● **Problem requirements**
Leave the images out. Give every line below again, precisely.

● **Provided data**
==========

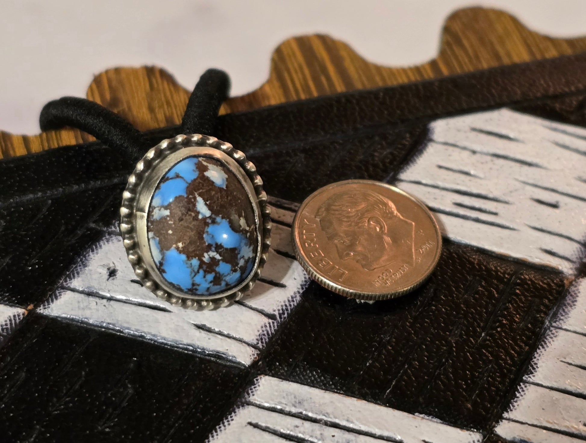 Native made, golden hills turquoise and sterling hair tie. Signed and stamped by the artist. Option A.
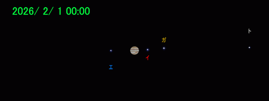 木星を天体望遠鏡で観察すると、数本の縞模様と、4つのガリレオ衛星(イオ、エウロパ、ガニメデ、カリスト)がわかります。衛星は木星の周りを公転するので、4つの並び方は数日でどんどん変わります。左右に2個ずつ見えたり、1つが木星の向こう側で見えなくなったりします。望遠鏡をお持ちでなければ、公開天文台や科学館に出かけてみましょう。
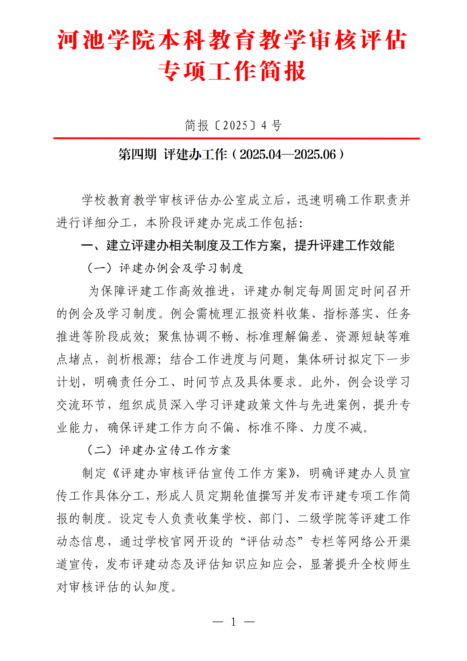 河池学院本科教育教学审核评估专项工作简报第四期

==========

● **Expected output**
 Native made, golden hills turquoise and sterling hair tie. Signed and stamped by the artist. Option A.
 木星を天体望遠鏡で観察すると、数本の縞模様と、4つのガリレオ衛星(イオ、エウロパ、ガニメデ、カリスト)がわかります。衛星は木星の周りを公転するので、4つの並び方は数日でどんどん変わります。左右に2個ずつ見えたり、1つが木星の向こう側で見えなくなったりします。望遠鏡をお持ちでなければ、公開天文台や科学館に出かけてみましょう。
 河池学院本科教育教学审核评估专项工作简报第四期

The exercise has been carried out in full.